- _WHAT YOU NEED TO DO_
Leaving out all pictures, give again each line exactly, from the start of the listing through the line that contains "- iqio/temperatura = ...".
Start of INPUT FOR THIS TASK
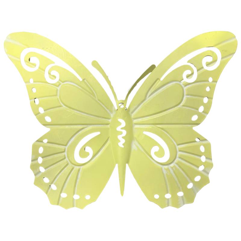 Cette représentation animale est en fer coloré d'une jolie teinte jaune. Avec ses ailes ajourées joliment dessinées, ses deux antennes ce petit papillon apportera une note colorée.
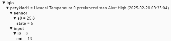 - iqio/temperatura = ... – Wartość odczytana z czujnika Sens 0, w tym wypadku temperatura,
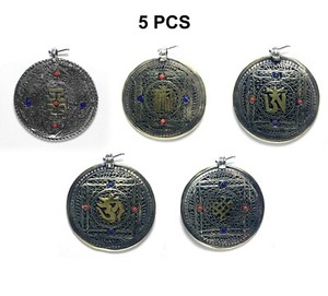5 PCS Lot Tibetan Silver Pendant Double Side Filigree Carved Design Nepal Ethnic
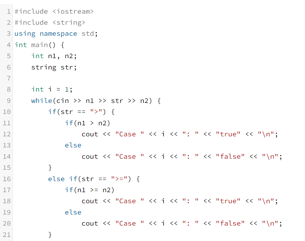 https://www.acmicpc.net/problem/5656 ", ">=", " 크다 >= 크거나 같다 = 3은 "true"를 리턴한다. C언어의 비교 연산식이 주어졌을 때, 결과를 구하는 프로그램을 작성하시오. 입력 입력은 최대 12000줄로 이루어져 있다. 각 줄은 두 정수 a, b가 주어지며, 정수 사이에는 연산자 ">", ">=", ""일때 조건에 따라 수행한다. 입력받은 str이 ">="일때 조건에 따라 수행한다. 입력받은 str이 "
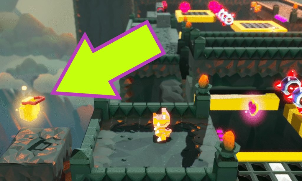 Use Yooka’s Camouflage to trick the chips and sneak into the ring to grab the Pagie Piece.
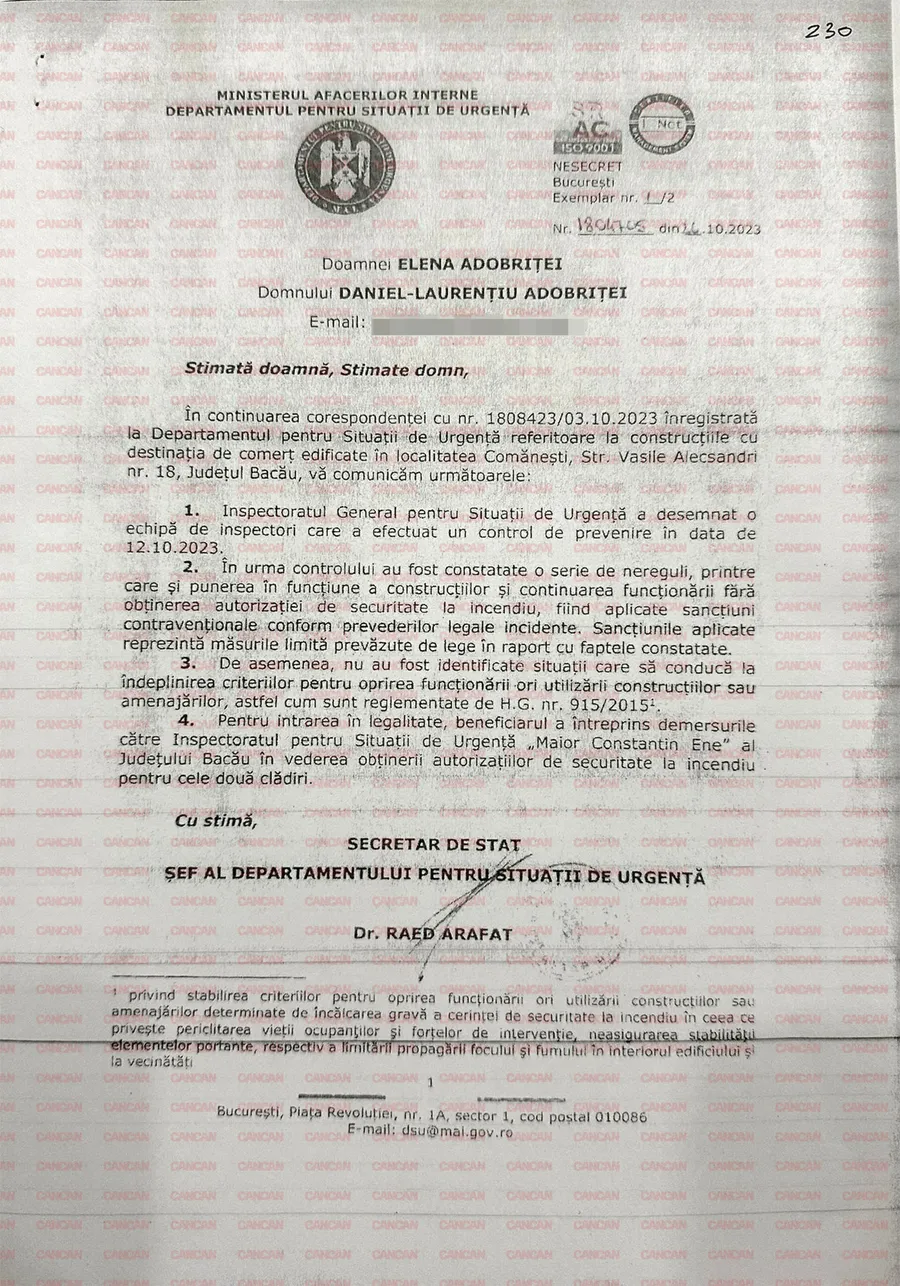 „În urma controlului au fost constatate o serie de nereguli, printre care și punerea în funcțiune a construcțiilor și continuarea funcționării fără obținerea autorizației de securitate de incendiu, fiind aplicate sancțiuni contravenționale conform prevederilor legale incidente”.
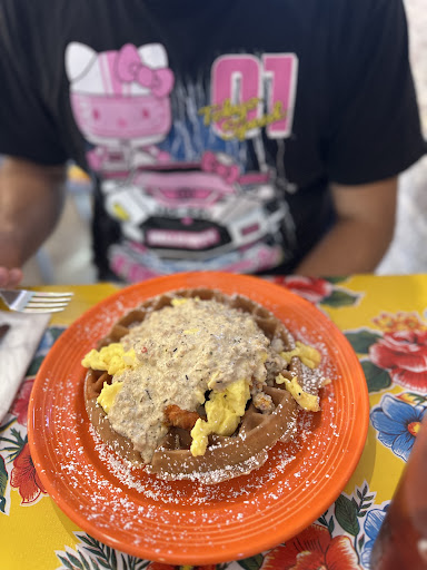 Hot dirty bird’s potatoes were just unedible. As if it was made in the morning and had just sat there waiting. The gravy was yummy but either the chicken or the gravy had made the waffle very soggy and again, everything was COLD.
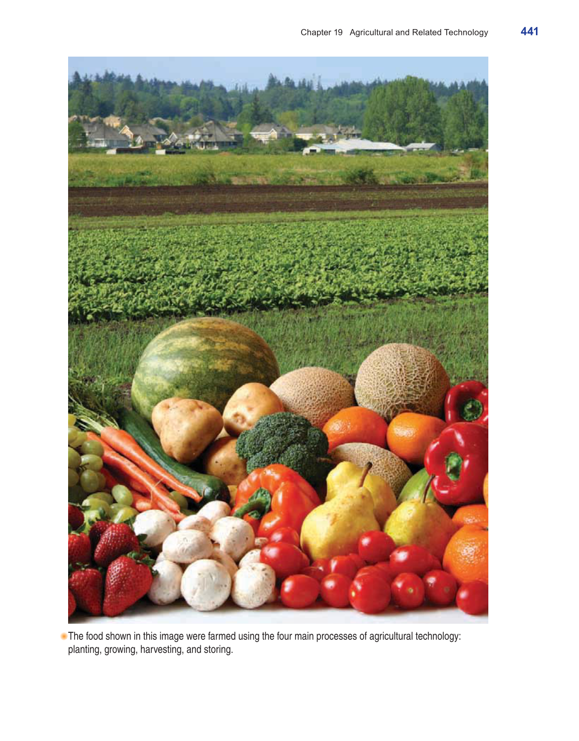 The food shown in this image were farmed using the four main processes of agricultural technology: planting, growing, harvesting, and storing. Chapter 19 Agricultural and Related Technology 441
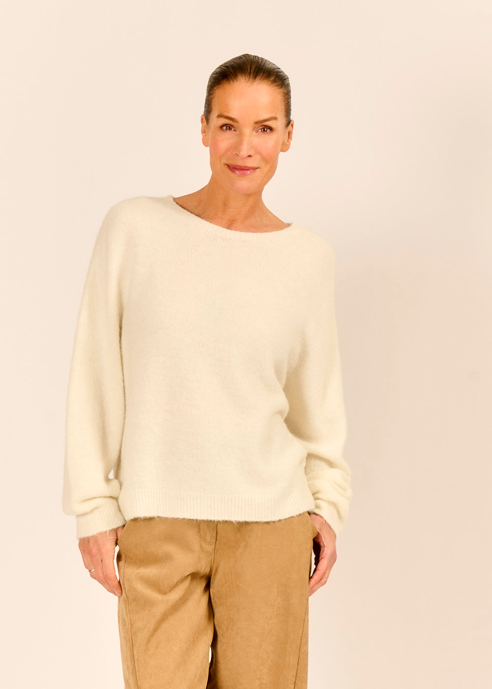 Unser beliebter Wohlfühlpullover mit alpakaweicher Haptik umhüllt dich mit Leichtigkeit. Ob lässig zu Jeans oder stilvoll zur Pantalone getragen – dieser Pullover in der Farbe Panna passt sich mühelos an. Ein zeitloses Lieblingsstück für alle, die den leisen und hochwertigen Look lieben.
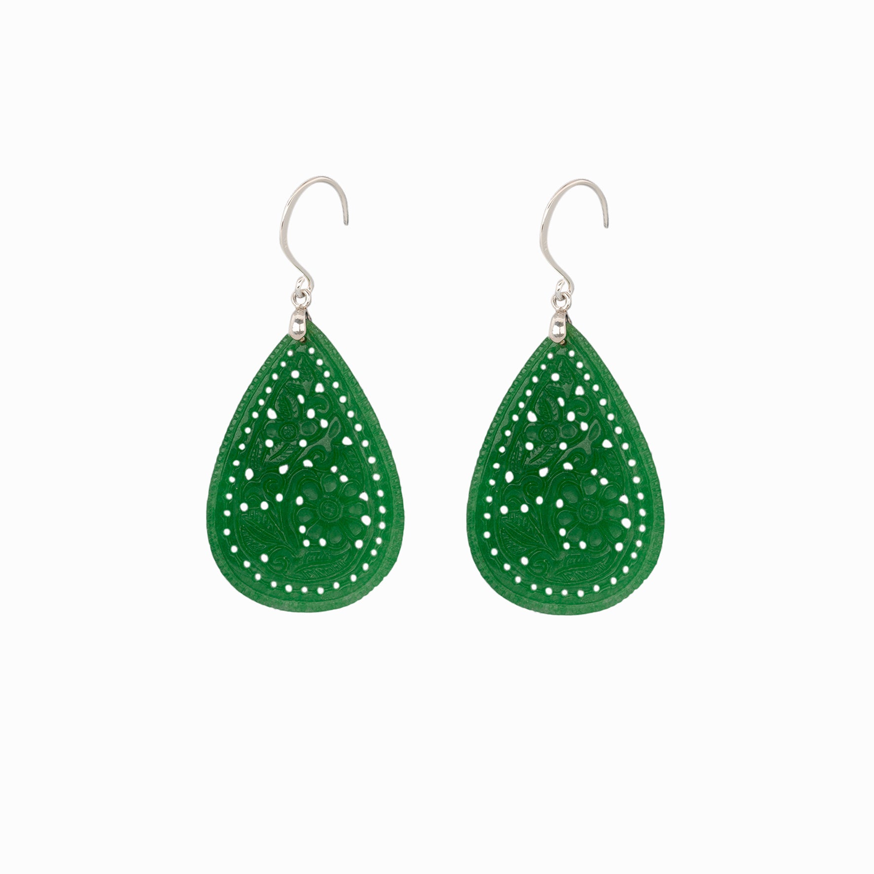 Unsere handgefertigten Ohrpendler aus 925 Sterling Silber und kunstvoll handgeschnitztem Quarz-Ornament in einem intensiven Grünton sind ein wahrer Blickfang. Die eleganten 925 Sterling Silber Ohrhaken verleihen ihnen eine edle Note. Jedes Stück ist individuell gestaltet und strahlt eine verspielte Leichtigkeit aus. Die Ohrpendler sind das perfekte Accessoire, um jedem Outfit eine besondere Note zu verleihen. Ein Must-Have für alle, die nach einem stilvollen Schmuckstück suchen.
End of INPUT FOR THIS TASK
- _RESPONSE TO THE EXERCISE_
 Cette représentation animale est en fer coloré d'une jolie teinte jaune. Avec ses ailes ajourées joliment dessinées, ses deux antennes ce petit papillon apportera une note colorée.
 - iqio/temperatura = ... – Wartość odczytana z czujnika Sens 0, w tym wypadku temperatura,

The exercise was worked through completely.